The Seoul of Success

How South Korea’s Can-Do Spirit Can Lift the Machining Industry

By Kang Ho Lee, General Manager, Grundfos Pumps Korea, Ltd.

By Kang Ho Lee, General Manager, Grundfos Pumps Korea, Ltd.

Chances are good that you recognize brands like Hyundai, Kia, Samsung, LG and Daewoo – or you own their products. It was not so long ago that nobody outside of Korea had heard of them. The success story behind these companiesillustrates the bigger saga of South Korea’s success over the last half century, where we started with nothing and grew to one of the world’s largest trade markets.

The Korean machining industry must remember this story when facing new challenges today.

The Miracle
South Korea – and particularly Seoul, on the great Han River – lay in ashes at the end of the Korean War in 1953. Our small country had become one of the world’s poorest. We lacked natural resources, we were short in food and supplies and we suffered from overpopulation. The World Bank reported in 1961, “Korea’s prospect for development is anything but bright.”

But the Korean people have what we call a “Can-Do” spirit. If we dream something, we believe we can do it – and then we get it done. When we became one of the world’s poorest countries, we wanted to rebuild our nation, and we achieved it.

Fifty years ago, our leaders in business and politics drove the change. They set us on a course for growth by way of education, industrial development and export. We started with nothing, and by 2011, we became the ninth country in the world to reach more than $1 trillion in trade. We call it “The Miracle on the Han River.”

Business guru Peter Drucker once said, “We can hardly mention the history of economic growth of the 20th century without mentioning South Korea.”

The Little Giant
Today, South Korea ranks No. 1 in the world for shipbuilding and LCD displays. We are second globally in semiconductors, and our automotive and steel industries rank fifth and sixth, respectively.

In the global machine tool market, South Korea ranks fifth – about half the size of the German market and one-third of Japan’s. You can call us “The Little Giant.” Our machine tool companies supply mainly the domestic market, helping the Hyundai’s and Kia’s and Daewoo’s to keep growing.

Broadly, our industries face some new challenges today. One of these is energy – to break our complete dependence on foreign imports of oil and gas. Another is our currency rate. We have a lot of foreign money coming into Korea due to our high trade. As I write this, the problems in Greece and the euro zone have caused our currency – the Korean won – to lose nearly 3% of its value in the last month alone. Our domestic suppliers are suffering.

Thanks to the Can-Do Spirit, Korea is finding solutions to these challenges. Our industries are beginning to invest heavily in renewable energy and sustainable solutions. Samsung C&T signed a Global Green Cooperation Agreement with Grundfos in October 2011 for using and developing sustainable and energy-efficient products for modern construction. Some of these solutions are on display at the EXPO 2012, which opened in May in Yeosu, Korea.

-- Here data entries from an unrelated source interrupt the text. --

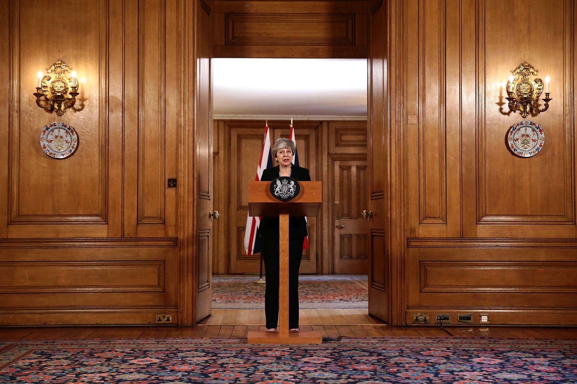 TOPSHOT - Britain's Prime Minister Theresa May gives a statement inside 10 Downing Street in London on April 2, 2019 after chairing a day-long meeting of the cabinet. - Britain will seek a further delay to Brexit to allow more time for parliament to pass the deal agreed with the European Union, Prime Minister Theresa May said today. (Photo by Jack Taylor / POOL / AFP)
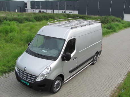 Renault Master Imperiaal RVS. Onze imperiaal wordt pasklaar ontworpen voor elk type bestelauto. Klaar voor dagelijks professioneel gebruik. De zijkanten van het imperiaal hebben een open frame, zodat de lading maximaal toegankelijk en het vastmaken van de lading eenvoudiger wordt. Alle profielen zijn van rond buismateriaal gemaakt, niet alleen mooi om te zien maar ook nog eens ideaal bij het vastsjorren van de lading. Alle imperialen worden standaard met een ladderrol uitgevoerd en tijdens het laden is er maximaal zijwaartse steun doordat de reling doorloopt tot voorbij de rol. Een ontwerp waar over nagedacht is! Om de voorste drager van het imperiaal is een anti-windruis-wikkel gemonteerd. Door deze wikkel is een grote spoiler niet noodzakelijk en blijft het geluid in de cabine aangenaam stil zonder hinderlijke ruis. Onze imperiaal is speciaal ontworpen voor de zware dagelijkse praktijk. Volledig gelast, dus geen lastig bouwpakket en ook worden onze imperialen standaard voorzien van een ladderrol aan de achterzijde.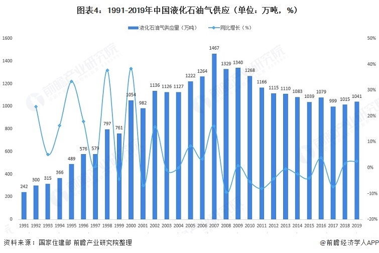 液化石油氣是在煉油廠內(nèi),由天然氣或者石油進(jìn)行加壓降溫液化所得到的一種無色揮發(fā)性液體。它極易自燃,當(dāng)其在空氣中的含量達(dá)到了一定的濃度范圍后,它遇到明火就能爆炸。國家住建部數(shù)據(jù)顯示,1991-2007年我國液化石油氣供應(yīng)經(jīng)歷了穩(wěn)定增長,由1991年供應(yīng)量242萬噸增加至2007年的1467萬噸,并達(dá)到最大,2007年以后我國液化石油氣供應(yīng)開始下降,但下降趨勢在2016年終止,近幾年液化石油氣受到石油價格上漲的影響,供應(yīng)量維持穩(wěn)定,2019年我國液化石油氣供應(yīng)1041萬噸。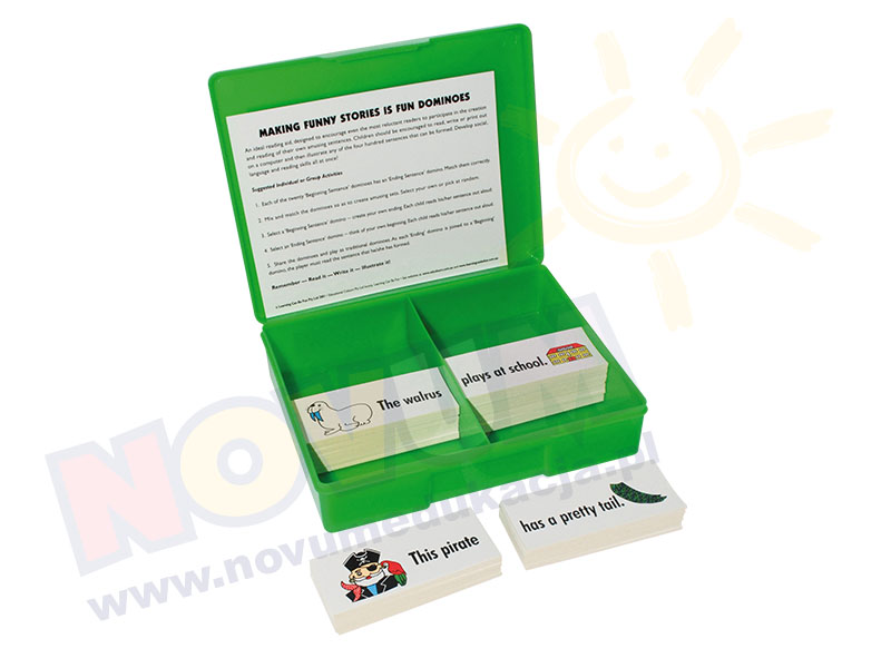 Dziecko może dopasować 20 początków i końcówek zdań, które układają się w 40 zabawnych zdań. 40 kart wykonanych z trwałej tkaniny winylowej. Rozmiar karty: 95 x 40 mm .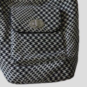 Talbots black & white Houndstooth fabric Bucket bag, Leather handles & trim, VGC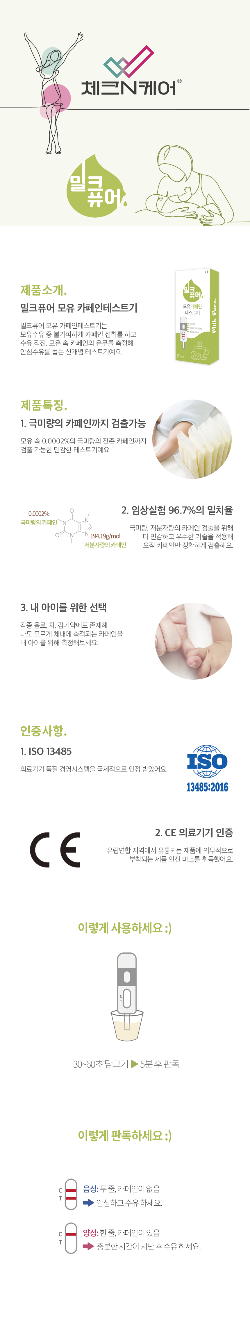 본사 [밀크퓨어] 모유 카페인 테스트기 (3개입/박스) - 모유 수유 중 커피 / 카페인 체크 후 안전수유
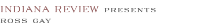 Ross Gay's first book is Against Which (CavanKerry Press, 2006). He is an editor at Q Avenue chapbook press. Additionally, he is co-author, with Kim Thomas, of the artist's books BRN2HNT and The Cold Loop.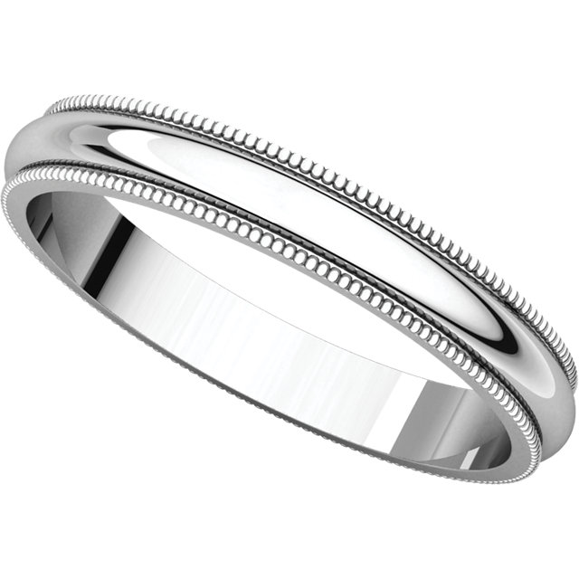 Milgrain Wedding Bands. Flat surface against the finger, domed surface away from the finger, with narrow beaded edges.

In terms of foreign exchange, we are working very hard to increase our reserves for more stability. We are also trying to increase Foreign Direct Investment in South Korea, encouraging companies to build factories here.

The Sandwich problem
The Korean machining industry has its own challenge. It has what you might call a sandwich problem, where Korea is in the middle of forces from above and below. On the top, we feel the pressure from Germany and Japan with high quality, well-known brands. Underneath is China with its competitive positioning and relatively cheap products.

To get out of this sandwich, our local machine tool companies must remember the Can-Do Spirit. Currently, Korean companies manufacture machines of a lower technical standard, sold mainly to the local market. To compete with foreign companies, Korean manufacturers must improve product quality by going with the most advanced, global suppliers, like Grundfos. Ours will help to lift their own product quality with longer lifetimes, higher efficiency and lower operation and maintenance costs.

In competing against lowest cost, it is important for the machining industry to understand the concept of Life Cycle Costs (LCC). On average, energy costs result in 85% of a normal pump system’s LCC. Switching to highly energy-efficient pump technology can lead to LCC savings of up to 50%. While high-efficiency motor technology can cost a little more on the initial price tag, the payback period for this difference is usually 2 years or less. After that, the savings by using the higher quality equipment is just “money in the bank.”

Small, local competitors with limited resources serve the Korean machine tool pump market today. With our Asian Machining Industry Business Competence Centre (MIBC), we can improve our customers’ channel to the global market and help them differentiate from the competition.

In November 2011 in Chungsuk, one of our three Korean factories, we launched our new MTA immersible pump range for filtering systems, dedicated to the “dirty side” of machining processes.

We are here to add value to the Korean machining industry – to help lift it above its current challenges. Remember the Can-Do Spirit! Remember the Miracle on the Han!

When Grundfos Korea opened 23 years ago, it had nothing. About eight years ago, we made a goal to double our sales revenue within four years. We believed we could do it. And we did that, helping us to become the largest pump company in our market. We achieved that because we believed we could do it. The Korean machining industry can do it, too.